The _amazon suffix module is designed to start an Amazon AWS instance, the _local module will run a simulation locally, etc. The _ncios module runs an OpenStack instance, and is the only module that works. The others have not been maintained.

So the server code will do:

import run_tsudat_ncios as run_tsudat

and when the user wants to run a simulation will do:

(work_dir, raw_elevations, boundaries, meshes, polygons, gauges,
 topographies, user_dir) = run_tsudat.make_tsudat_dir(TsuDATBase, user.username,
                                                      scenario.project.name,
                                                      scenario.name,
                                                      scenario.model_setup,
                                                      scenario.event.tsudat_id)
#
# more UI preparation code, including creation of a JSON data file 'json_file'
#

run_tsudat.run_tsudat(json_file)

Here, as elsewhere, we simplify the code slightly.

Preparations on the server

The above calls to make_tsudat_dir() and run_tsudat() are documented elsewhere.

make_tsudat_dir() creates a working directory tree that will be populated with simulation data files. The paths returned to the UI are paths to various areas in the directory tree that the UI populates with data files. The directory tree is created in a filesystem that the instance mounts when it starts.

run_tsudat() actually creates an instance that runs the simulation. When it starts the instance it passes userdata to the instance that enables it to find the directory tree created for it in the mounted filesystem.

Preparations on the instance

Code on the instance consists of two parts. The first is the bootstrap code which is 'baked into' the instance image. This is designed as a minimal system that takes userdata supplied by the UI on instance start, finds the working directory on the mounted filesystem and then calls the actual code that runs the simulation.

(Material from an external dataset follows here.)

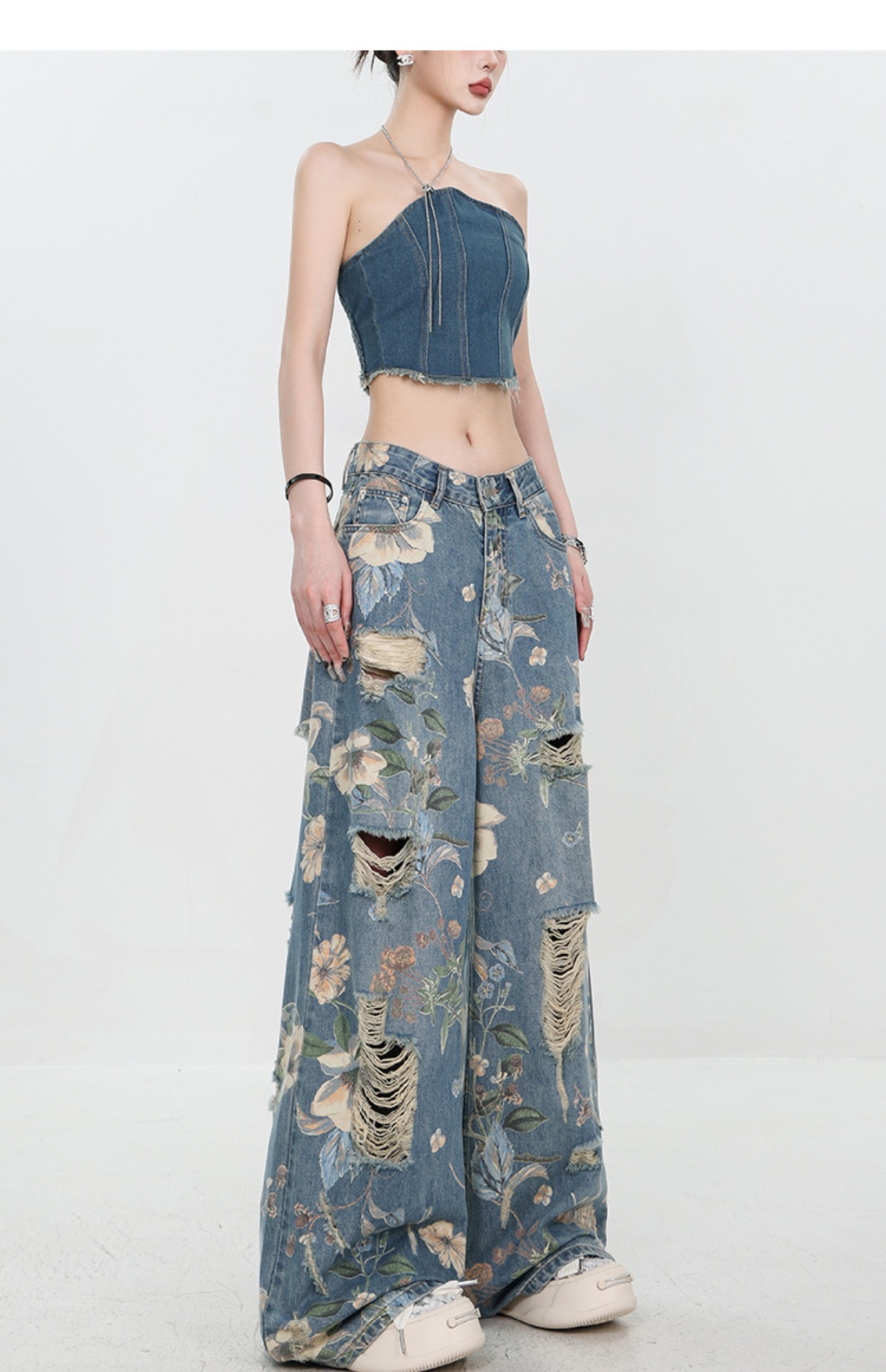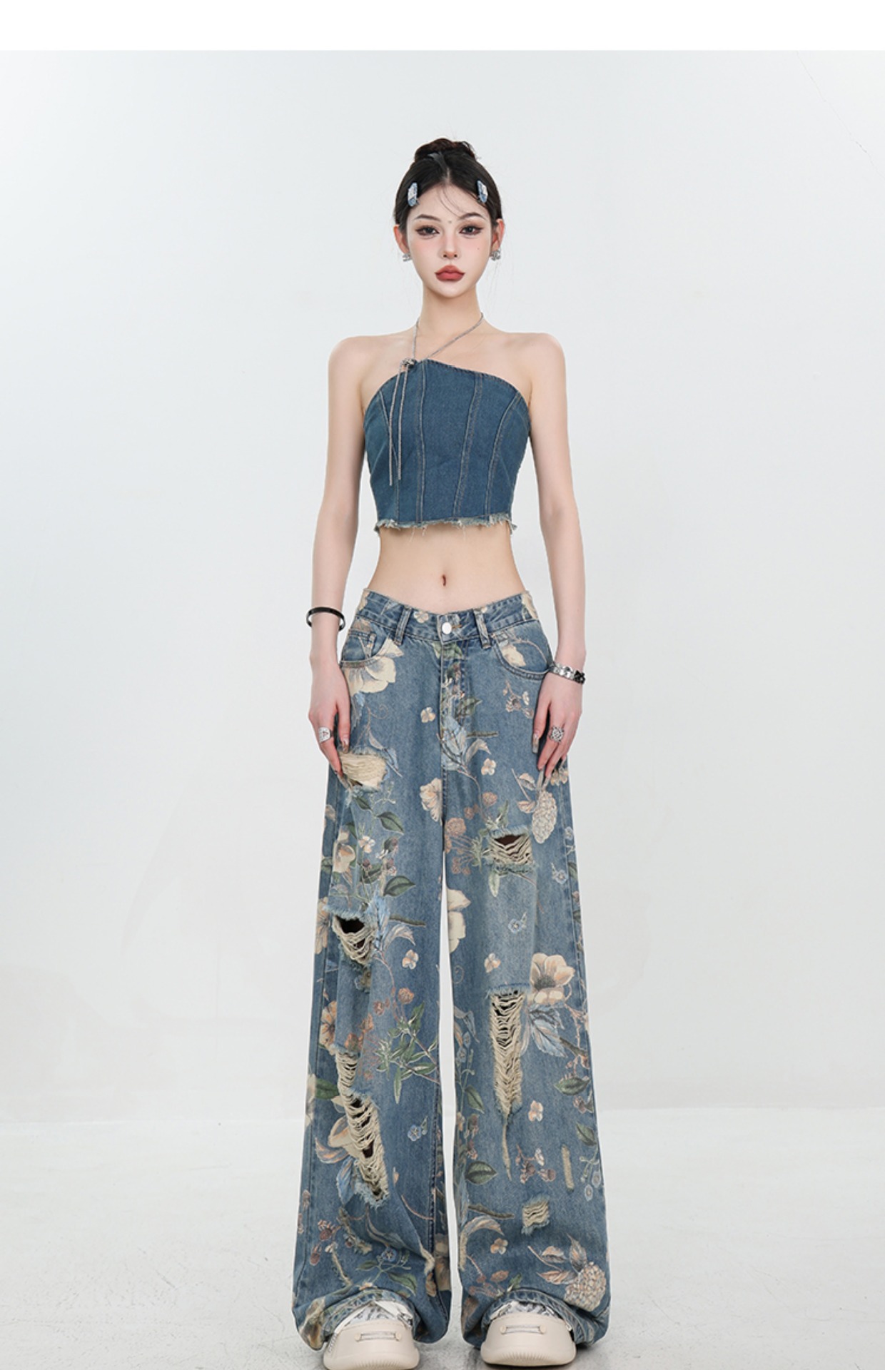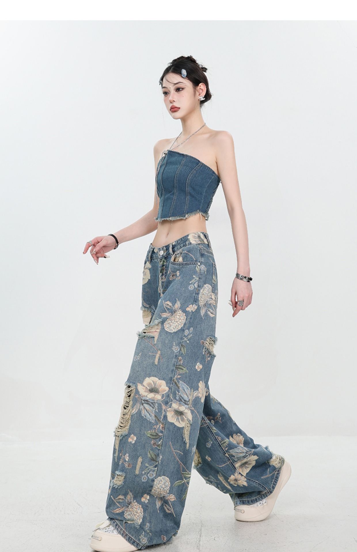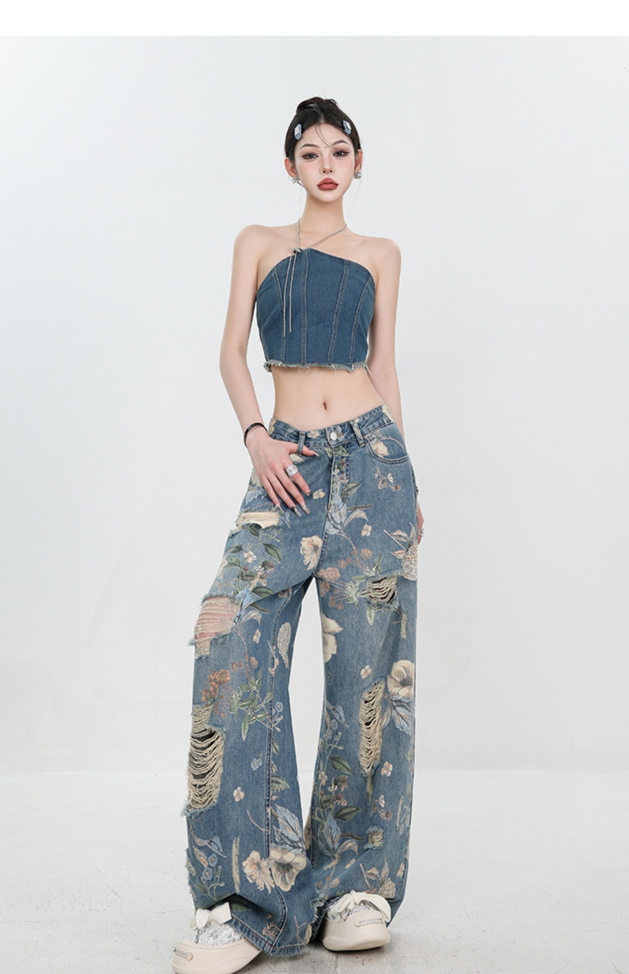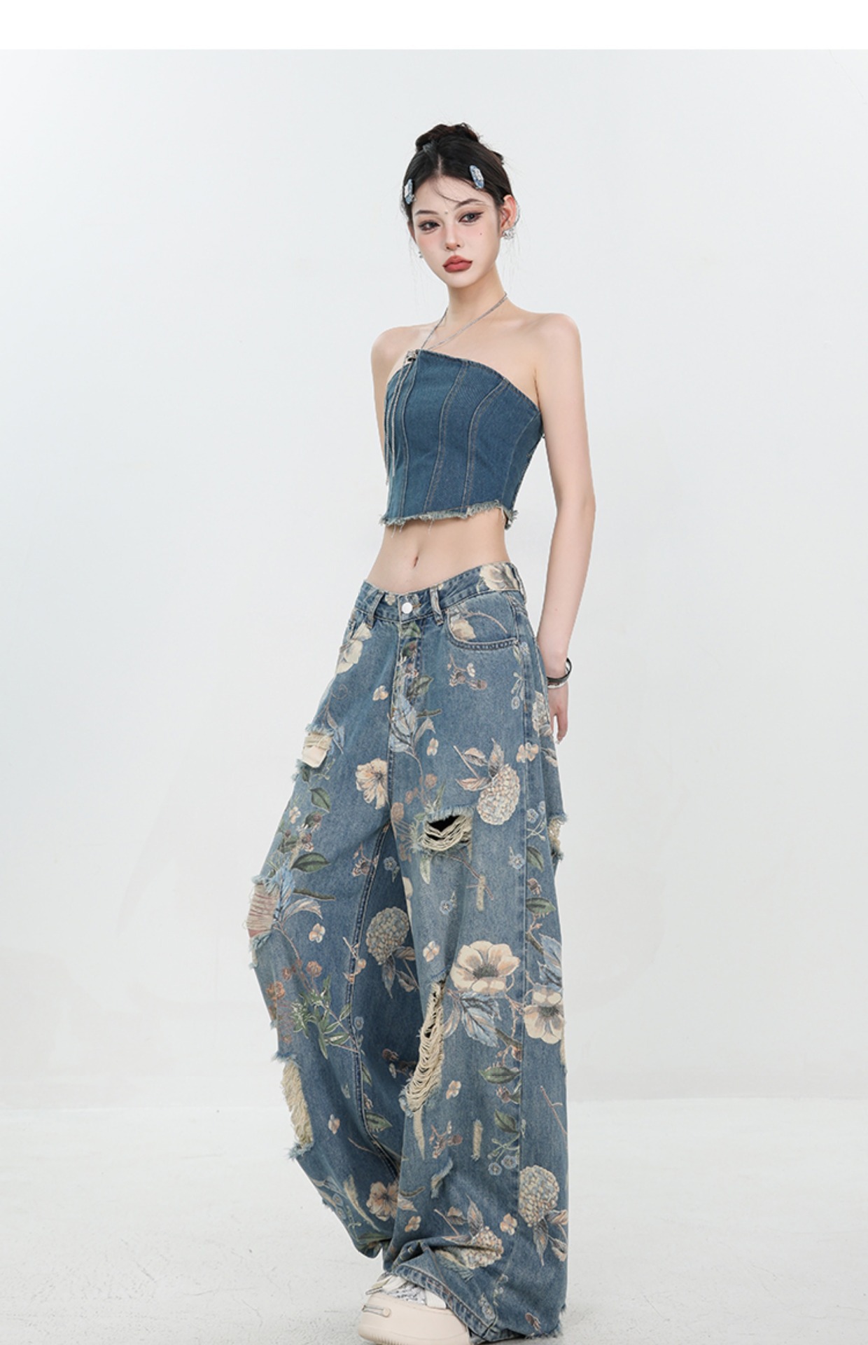 아메리칸 스타일 레트로 인쇄 된 찢어진 청바지 여성의 2024 여름 새로운 느슨한 스트레이트 긴 바지 넓은 다리스토어 가기

Note that the simulation code is not part of the image - it is copied into the working directory on the server. This means that changes to the actual simulation code that is outside the ANUGA library itself does not require an image rebuild. Any change to the bootstrap code or ANUGA itself will require an image rebuild.

Note that ANUGA code could be copied into the working directory and used by the instance from there. This didn't occur to me, but is a good idea that should be tried at the first opportunity.

Simulating on the instance

The code that performs the simulation is pretty much what a user would run in the old user-driven off-line simulation days. That is why bootstrap.py is there, to insulate the simulation code from the new environment.

The only change made to existing simulation code was to:

  • Turn off ANUGA exception catching (bootstrap.py does that)
  • Add extra extraction capabilities (new max export functions)
  • Catch names of generated files to return to the UI

Returning results to the UI

Once a simulation is complete the bootstrap code gets a list of files generated by the simulation in the mounted filesystem and returns them to the UI. It does this with a message queue.

The instance code uses rabbitmq messaging to tell the UI that the instance has started and that it has stopped successfully or has aborted.

The STOP message includes the list of generated files so the UI can extract files from the working directory and post-process them.

The ABORT message tries to include some user-friendly description of the problem, but most problems will be reported from within ANUGA and tend to be cryptic.